# Anonymous veröffentlicht Enthüllungsportal gegen Rechte



## Alterac (2. Januar 2012)

*Anonymous veröffentlicht Enthüllungsportal gegen Rechte*

Hallo Leute,

ich hoffe man darf hier auch News über Anonymous schreiben.

ANhänger von Anonymous haben ein Enthüllungsportal veröffentlicht.
Auf diesem werden Namen,Adressen,Telefonnummern von NPD Unterstützern
und Kunden von rechten Versandhäusern veröffentlicht.
Die Informationen sind nicht alle neu aber erstmal komplett abrufbar.
Sie nennen es Operation "Blitzkrieg".

Das Forum ist zu erreichen unter entfernt

Die Seite scheint sehr launisch zu sein und bei einigen funktioniert sie nicht.

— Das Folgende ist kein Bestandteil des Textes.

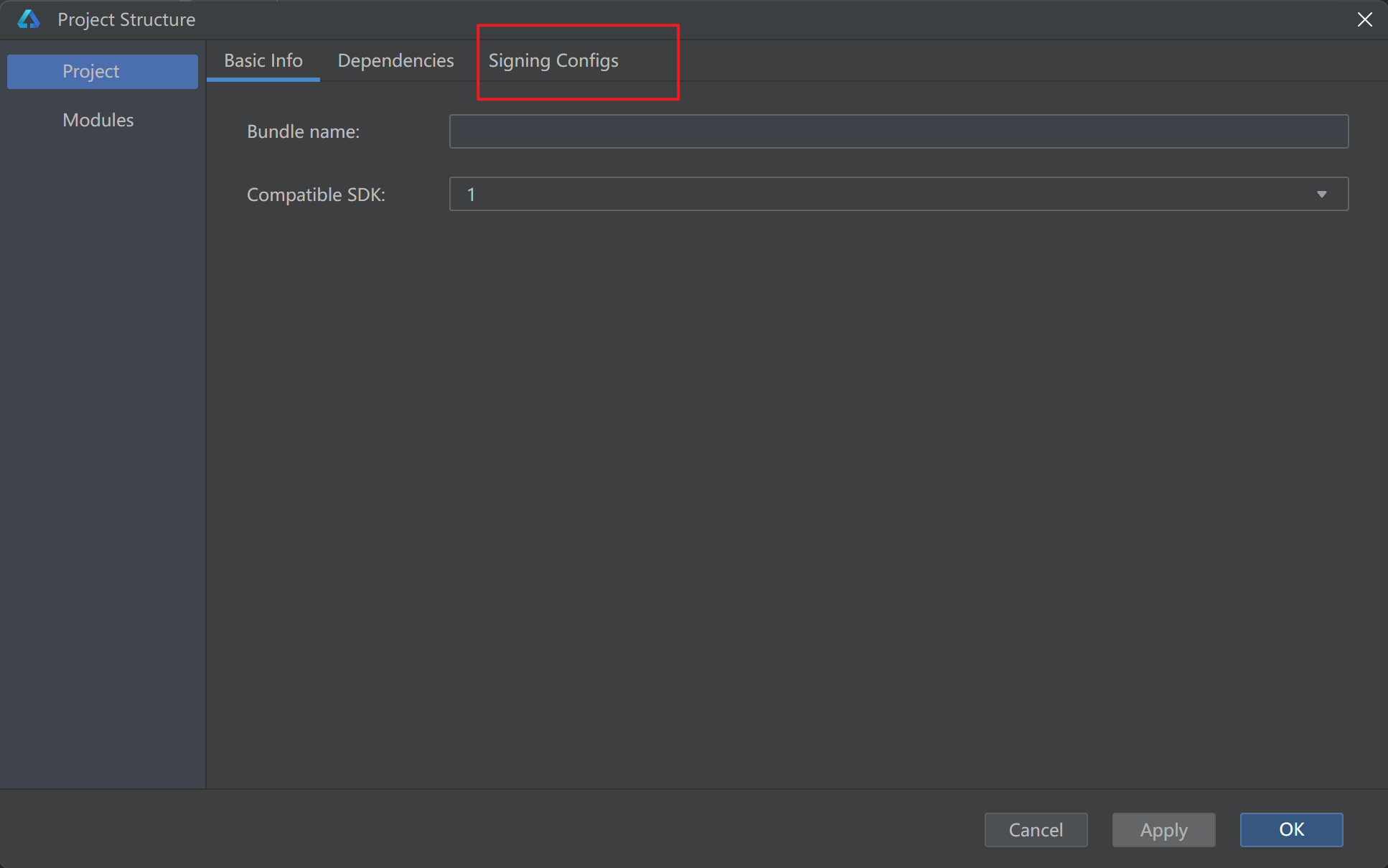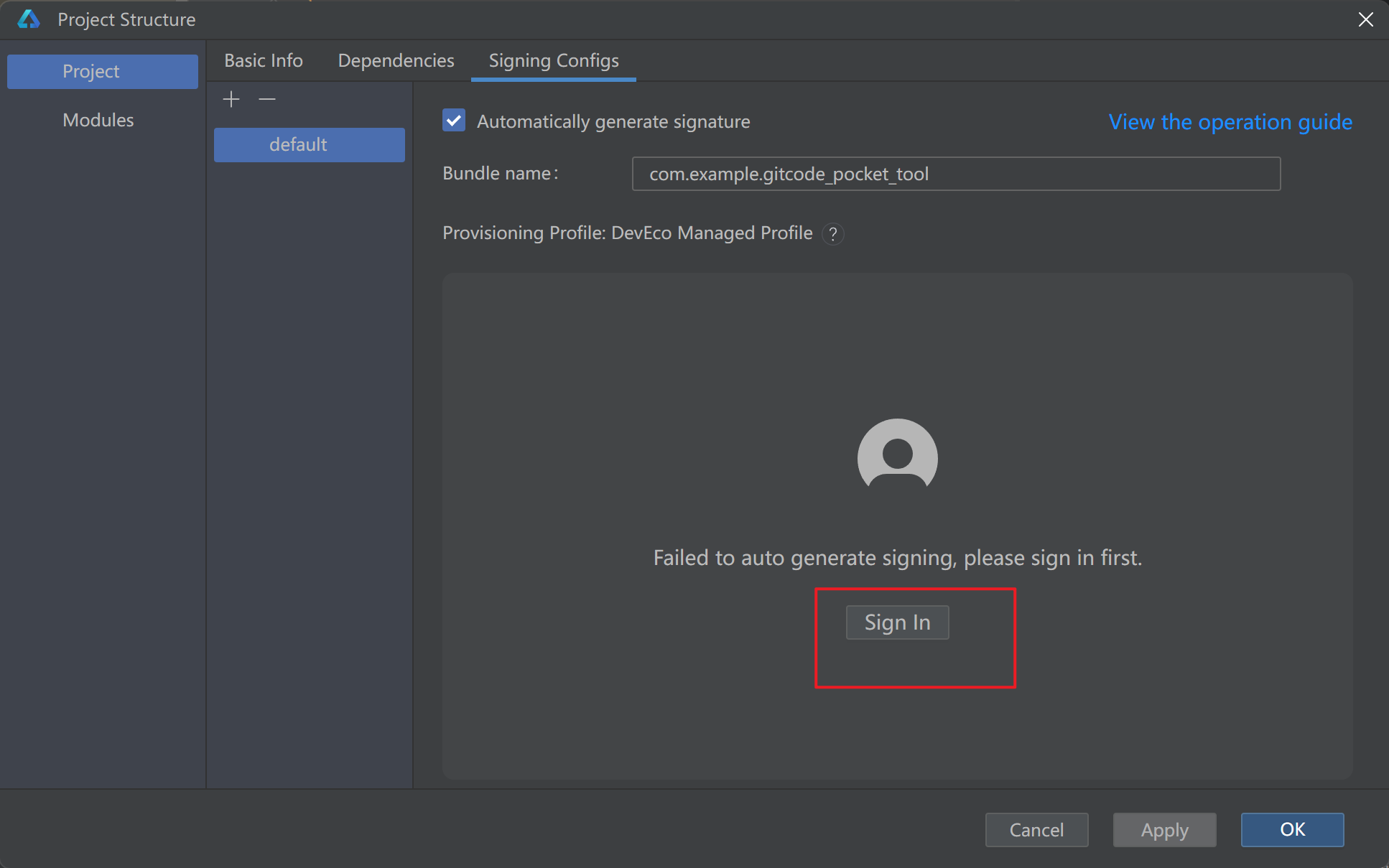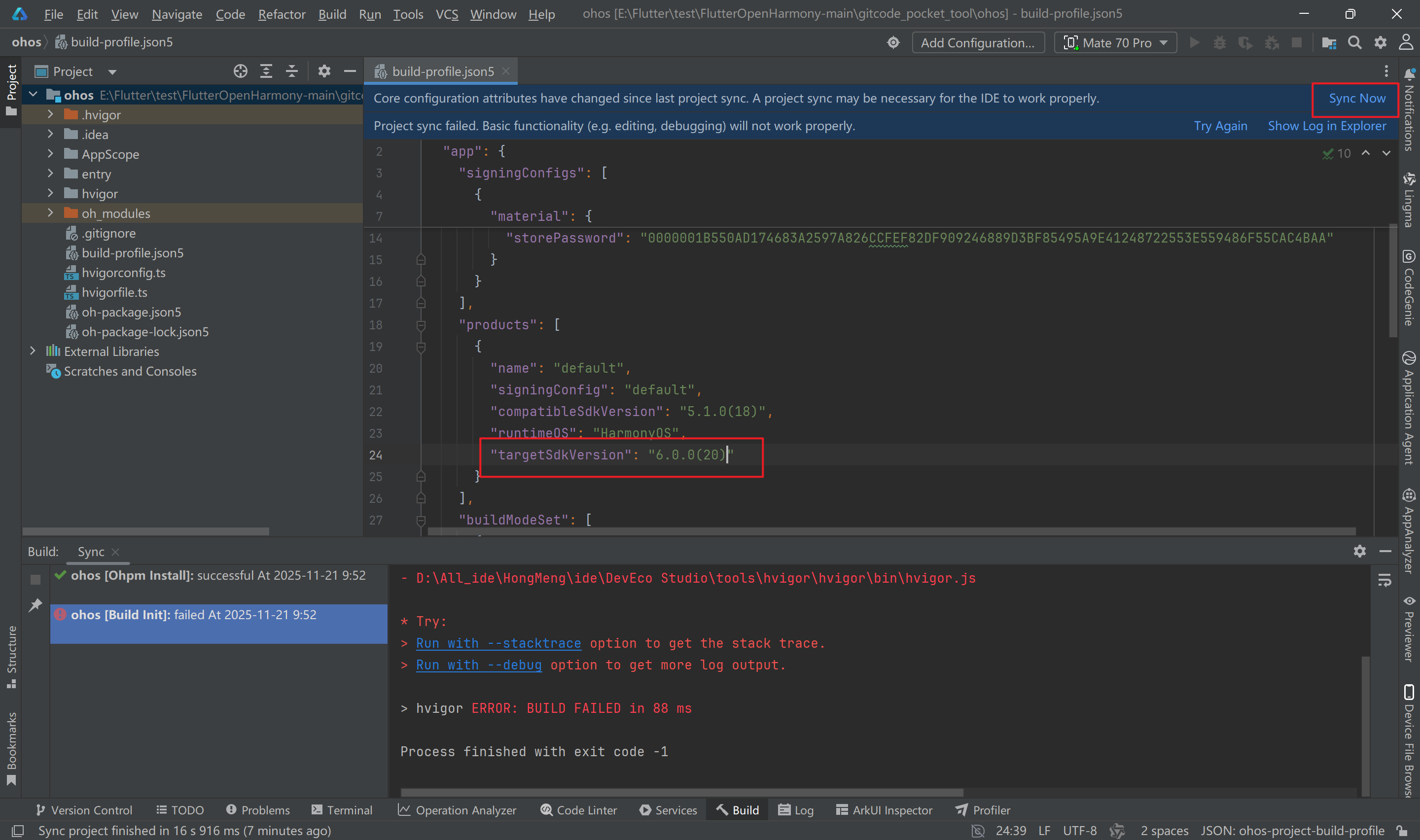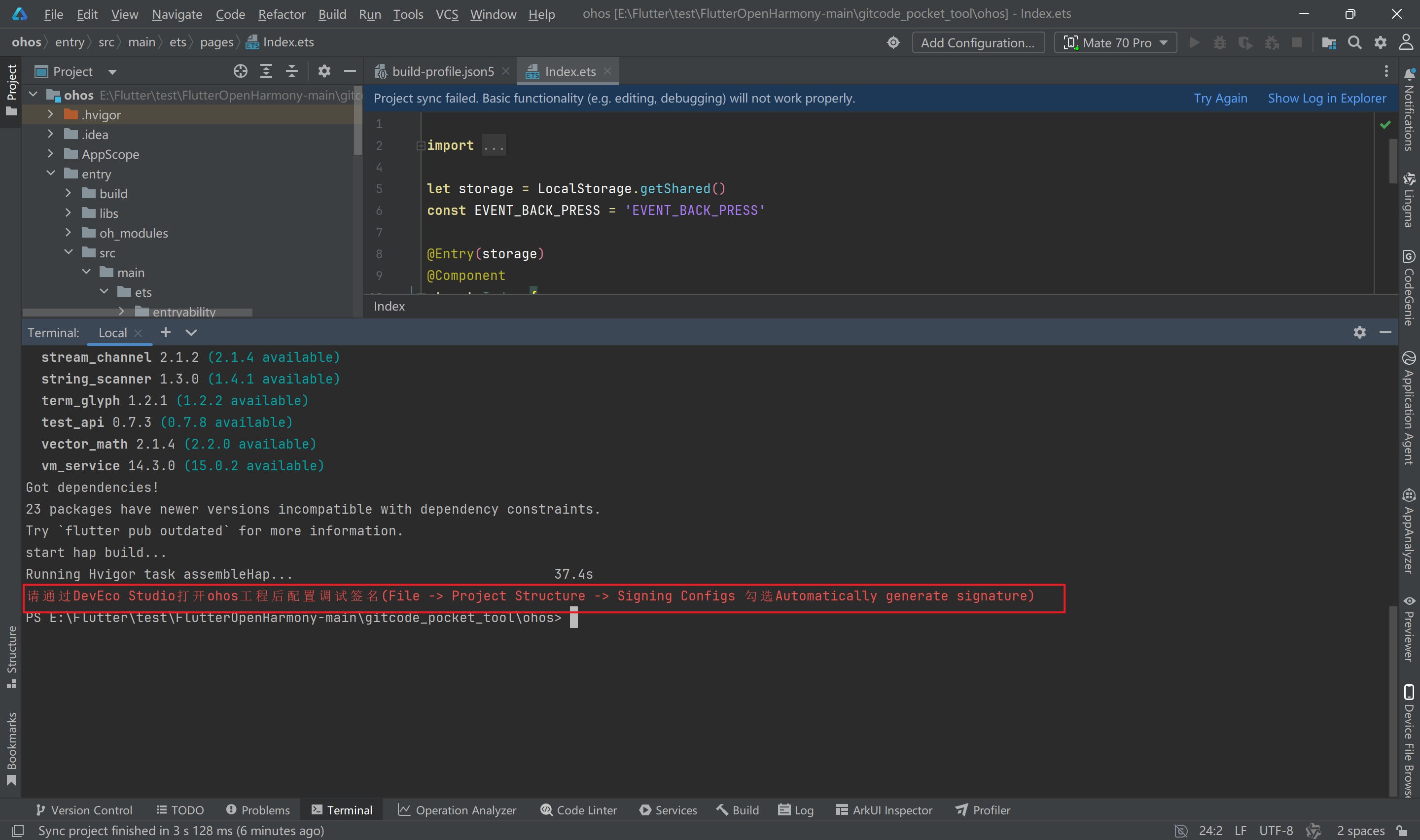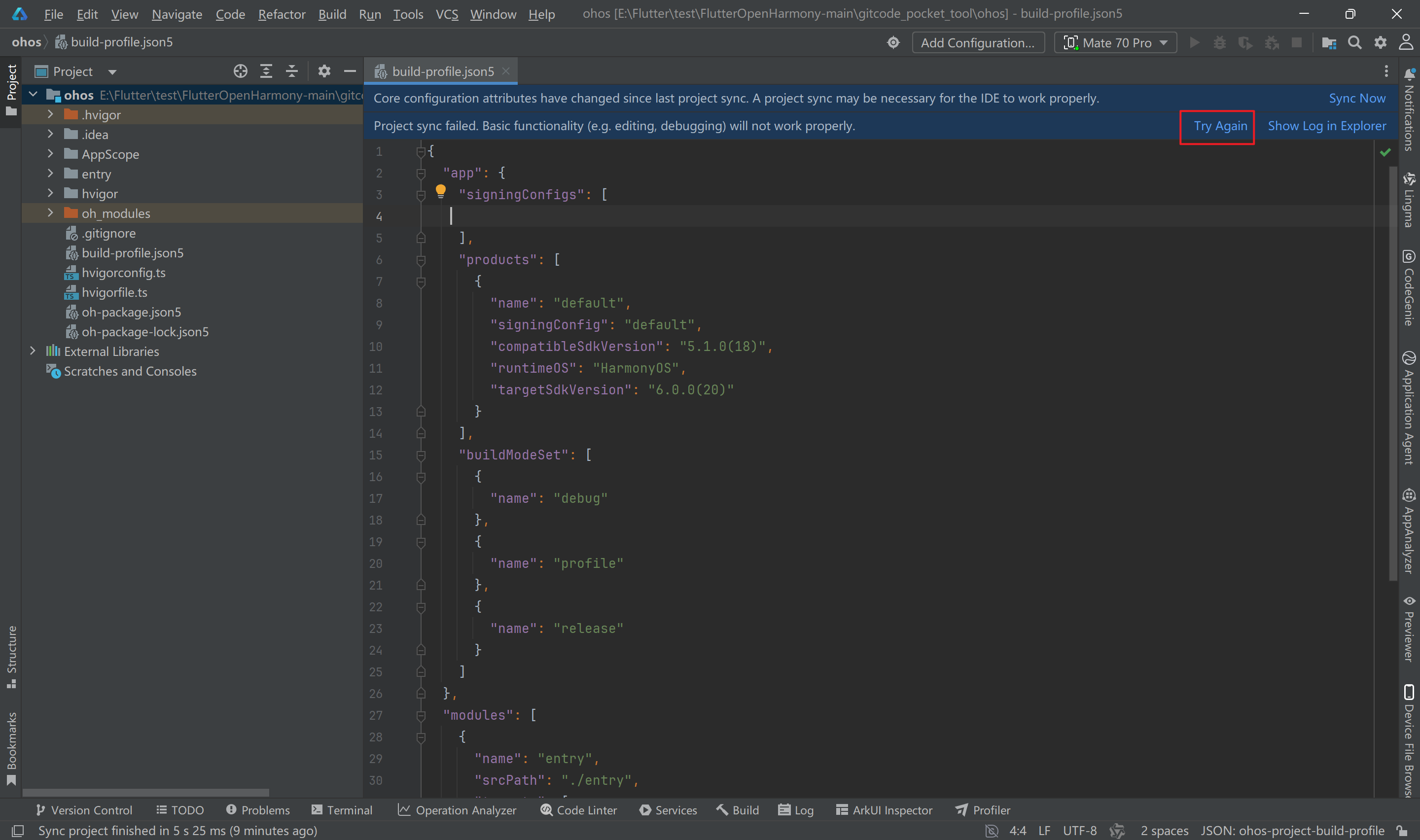由于我们是使用别人的项目,所以这里的调试签名不是我们自己的,我们需要把这段内容删除掉,然后点击Try again。让DevEco Studio自动构建自己的调试签名,

Hier also ein Screenshot: http://www8.pic-upload.de/02.01.12/4qoebhhunsw4.jpgentfernt



			Dieser Inhalt steht nur eingeloggten Mitgliedern zur Verfügung.


----------



## dj*viper (2. Januar 2012)

*AW: Anonymous veröffentlicht Enthüllungsportal gegen Rechte*

die seite geht nicht...


----------



## Alterac (2. Januar 2012)

*AW: Anonymous veröffentlicht Enthüllungsportal gegen Rechte*

Doch geht wieder.


----------



## Robonator (2. Januar 2012)

*AW: Anonymous veröffentlicht Enthüllungsportal gegen Rechte*

Nö bei mir passiert nichts


----------



## Hansvonwurst (2. Januar 2012)

*AW: Anonymous veröffentlicht Enthüllungsportal gegen Rechte*

Sind sie durch diese Stigmatisierung wirklich besser als die Nazis?


----------



## dj*viper (2. Januar 2012)

*AW: Anonymous veröffentlicht Enthüllungsportal gegen Rechte*

geht immer noch nicht.
wird wohl grad mit ddos angriffen attackiert 

@alterac: leere mal deinen cache...


----------



## Shi (2. Januar 2012)

*AW: Anonymous veröffentlicht Enthüllungsportal gegen Rechte*

http://nazi-leaks.net/

bei mir gehts

Achja, ich find das ist eine super Aktion 
Hoffentlich werden ein paar Kollegen vom schwarzen Block die Spender mal zu Hause besuchen


----------



## DaStash (2. Januar 2012)

*AW: Anonymous veröffentlicht Enthüllungsportal gegen Rechte*

Ich finde das überhaupt nicht gut private Daten zu veröffentlichen, darüber hinaus verstoßen sie gegen decn Hackercodec. Ich mag die NPD nicht aber ich akzeptiere sie aus demokratischer Sicht und man sollte mit ihr auch demokratisch umgehen.

MfG


----------



## dj*viper (2. Januar 2012)

*AW: Anonymous veröffentlicht Enthüllungsportal gegen Rechte*

vielleicht hat der ISP die seite gesperrt...keine ahnung.
bei mir geht net...


----------



## fac3l3ss (2. Januar 2012)

*AW: Anonymous veröffentlicht Enthüllungsportal gegen Rechte*



DaStash schrieb:


> Ich finde das überhaupt nicht gut private Daten zu veröffentlichen, darüber hinaus verstoßen sie gegen decn Hackercodec. Ich mag die NPD nicht aber ich akzeptiere sie aus demokratischer Sicht und man sollte mit ihr auch demokratisch umgehen.
> 
> MfG


 So sehe ich das auch...


MfG
fac3l3ss


----------



## Adam West (2. Januar 2012)

*AW: Anonymous veröffentlicht Enthüllungsportal gegen Rechte*

Ohne mich hier irgend einer Seite anschließen zu wollen, aber: Wir leben in einer Demokratie, wenn man Rechte mit Spenden unterstütz, unterstützt ist das 1. nicht verboten und 2. Privatsache!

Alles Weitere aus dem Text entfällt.